Я, кажется, не упоминала, а зря, что муж мой в возрасте двенадцати лет решил посвятить себя Предвечному и в качестве первого шага поступил в асайскую школу, что находилась в двенадцати стадиях от его дома. Асаи, невзирая на всю их замкнутость и небрежение нравами внешнего мира, в школы свои посторонних детей принимали охотно; да и то сказать: с их отношением к плотской любви они вымерли бы за два поколения. Обучение было бесплатным, а вернее сказать, плата принималась самими учениками, которые исполняли множество мелких и грязных работ в общине. Иоханан провел в этой школе год, вернулся разочарованным и злым и потом говорил, что единственное полезное приобретение, ради которого он потратил год у асаев, — это отношение к воде.

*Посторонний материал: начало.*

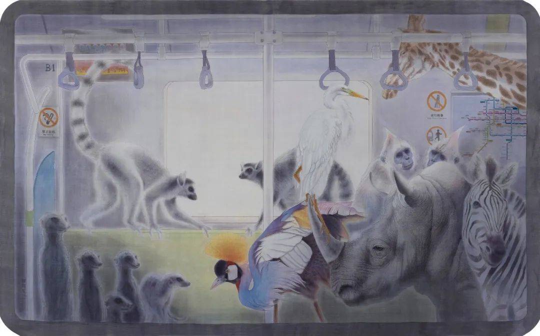 罗翔所进行的工笔画探索正呈现了这种图像的观念化建构。他在“2016·中国百家金陵画展”获得大奖的《欢乐谷》,便标志着他的这种“当代性”转向。大象、斑马、犀牛、熊猫、皇冠鹤、火烈鸟、长颈鹿、环尾狐猴……这些本是在城郊豢养的动物却突然出现在我们每天乘坐的地铁上,这是种什么感受?这当然不是真实的现场。但电影中常有这样的故事和镜头,因某个动物园失控而让豢养的动物肆意行走在繁华的街道、闯入人类正常的生活秩序。不论故事真假,但人类与动物的关系在现代文明中却成为观赏与被观赏、奴役与被奴役的关系。《欢乐谷》的图像观念就在于画家不再沉迷于对花鸟自然时空关系的描写,而是出人意料地将这些欢乐谷里的动物闯入人间。它们无意之中走进了地铁,用探索的目光来观看人类及人类发明的交通工具,甚至它们隔着车窗玻璃观赏着人类和人类居住的城市。

Так что, когда со дня той чудесной грозы все собравшиеся требовали, чтобы их хотя бы окропили водой, муж мой это охотно делал — охотно и иногда даже свирепо, потому что его не слушали, а лишь желали прикоснуться и быть окроплену, поэтому случалось — особенно когда мы перешли в Перею и двигались вниз по Иордану, — что он хватал особо рьяных требовате-лей за волосы и макал их в воду с головой, очищая от скверны, но они из-за этого лишь заходились в еще более буйном восторге… Безумие, начинается безумие, говорил мне Иоханан, когда мы оставались одни — это случалось редко, все время вокруг были люди, и все они говорили, говорили, кричали, требовали, хохотали, бились в корчах, — что же так медлит брат?..

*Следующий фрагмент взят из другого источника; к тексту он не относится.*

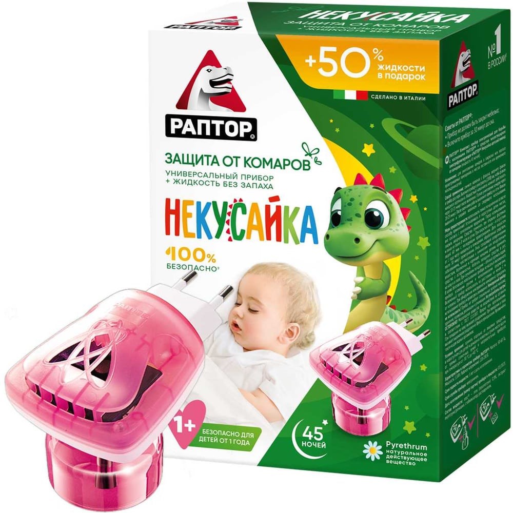 Комплект от комаров РАПТОР НЕКУСАЙКА 30 ночей, прибор + жидкость 12643 Gk9620 используется в помещении. Флакон выполнен из прозрачного не бьющегося материала. В состав входит натуральный экстракт особого вида ромашки.

Иешуа действительно медлил — как он потом сказал, все дни наперед оказывались неблагоприятными, и он просто ждал знамения, и дождался: он и те, кто был с ним, увидели, как в небе сойки заклевали коршуна.

— Это наш день, — сказал Иешуа и повернул коня.

Я помню, когда я была маленькой и мы жили в Ламфа-се, египетском городе, мы с Иешуа едва не погибли. Случилось так, что нам с ним понадобилось перейти дорогу, потому что за дорогой высилась большая куча камней, среди которых можно было найти полупрозрачные камешки с жилками и чешуйками почти настоящего золота. Мы набрали две корзинки этих камешков и пошли обратно, и у моей корзинки как раз посреди дороги оторвалась ручка. Камешки рассыпались, я начала их собирать, и тут вдруг подскочил брат, схватил меня за руку и больно дернул, и мы полетели в пыль и на острые камни, валявшиеся на обочине, а мимо нас пронеслась красная колесница, запряженная четверкой вороных. Казалось, что колесницей никто не правит и никто не сидит внутри. Она пронеслась так быстро, что нас ударило ветром и покрыло взметнувшейся пылью. Вдруг рядом оказалась мама. Вначале она бросилась к Иешуа и, упав на колени, ощупывала его и не могла поверить, что он цел, и, только поверив, дотянулась до меня — одной рукой, потому что другой она все так же прижимала к себе моего брата.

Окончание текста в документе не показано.